Не кричит петух, до изнеможения околдованный благоуханиями. Не мычит корова в обильных излияниях молока, впитывающего весеннее колдовство, чтобы донести его до больших и малых детей, опьянить-растревожить. Жители окрестных поселений не спят по ночам, уносимые на крыльях дымных, чувственных благовоний, которые навевают беспричинную печаль или излечивают ее до утраты памяти.

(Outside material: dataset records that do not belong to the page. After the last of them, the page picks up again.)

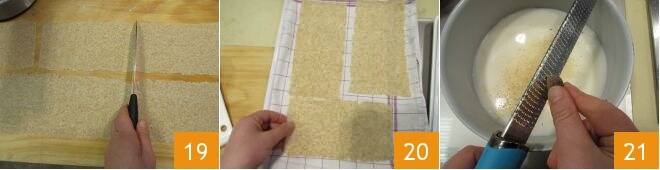 Coloca la masa en la superficie ligeramente enharinada y luego córtala para obtener rectángulos del tamaño adecuado para la bandeja. En nuestro caso, los rectángulos de pasta tenían un tamaño de 16x12 cm 19. Una vez obtengas los rectángulos, colócalos en las bandejas donde habrás colocado paños limpios 20. Deja secar ligeramente la pasta y mientras tanto, ocúpate de preparar la bechamel. Vierte la leche de arroz en una cacerola, añade la nuez moscada 21 y llévala a casi hervir.
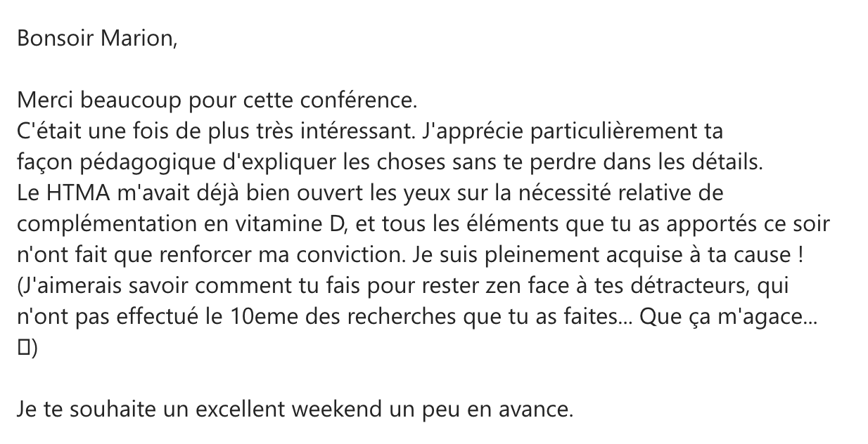 Je vous propose une conférence pour démêler la question, explorer le sujet en détails et déconstruire tout ce que vous pensiez savoir sur la vitamine D afin d’y réfléchir ensemble, de se questionner, et de creuser le sujet beaucoup plus en profondeur !
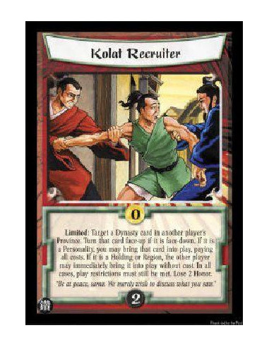 Kolat Recruiter  - Limited: Target a Dynasty card in another player's Province. Turn that card face-up if it is face-down. If it
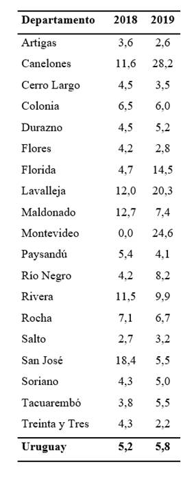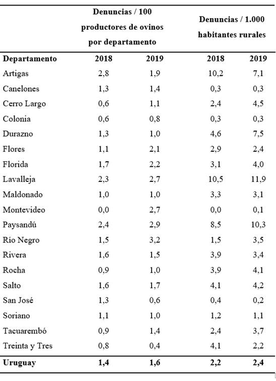 La media de denuncias por cada 1000 habitantes de zonas rurales fue de 2,2 en 2018 y de 2,4 en 2019. Los cuatro departamentos que encabezaron el índice (Lavalleja, Artigas, Paysandú y Durazno) mantuvieron niveles elevados al año siguiente, con un incremento en las denuncias. De estos, solo Lavalleja y Paysandú presentaron niveles altos de denuncias tanto en relación con el número de productores como con la población rural. El número de denuncias por productor con ovinos y por habitantes rurales en cada departamento se detalla en la tabla 1.
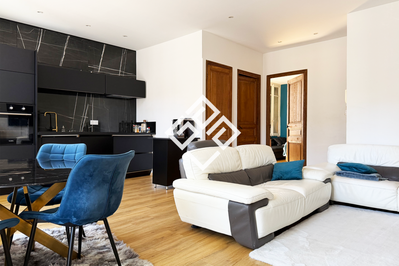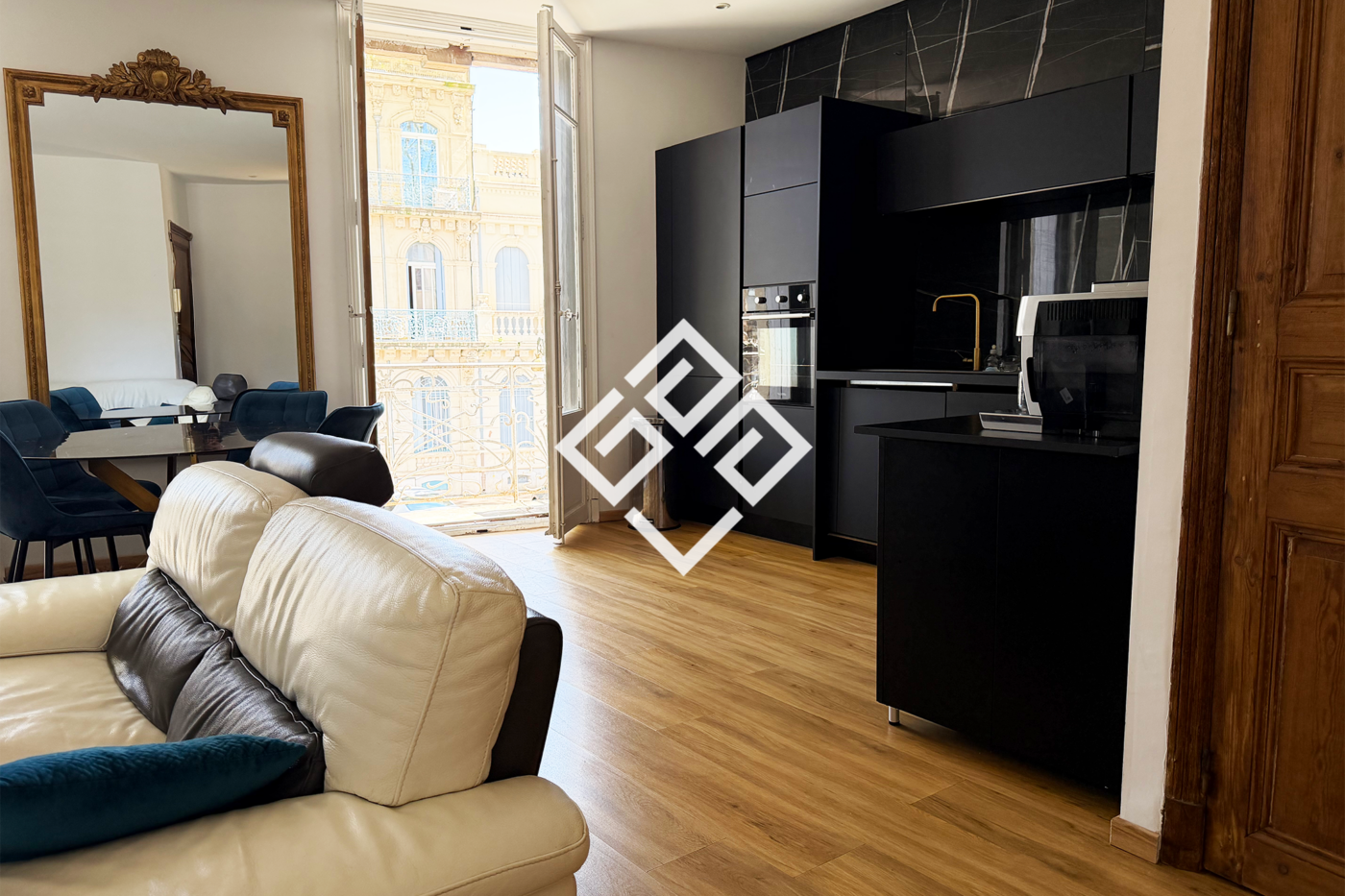 Appartement 1 Le coup de coeur Spacieux et entièrement rénové, il séduit dès le premier regard. Pièce à vivre lumineuse de 30 m2 avec cuisine américaine haut de gamme, grande chambre de 22 m2, salle de bain design, et un balcon donnant sur une belle avenue arborée. Prestations soignées, décoration contemporaine.

А одинокие льют слезы в подушку.
3
В городе, на малом газоне, растет апельсиновое дерево. Пробуждаясь по всякой весне, вспениваясь без оглядки свадебной белизной, наливая соками неприметные поначалу плоды, затерявшиеся в листве, напитывая их эфирными маслами, раскрашивая по осени в оранжевое великолепие. Апельсины с нижних ветвей обирают жильцы; верхние, недоступные вожделениям, висят долго, очень долго, опадая по одному, догнивая в сохлой траве. В редкие зимние холода выпадает снег, покрывает ветви, и апельсины – гномиками под пушистыми колпаками – восторженно сверкают среди недолговечной крупчатой белизны.
В прошлом году весна запоздала, проявившись в поздние сроки.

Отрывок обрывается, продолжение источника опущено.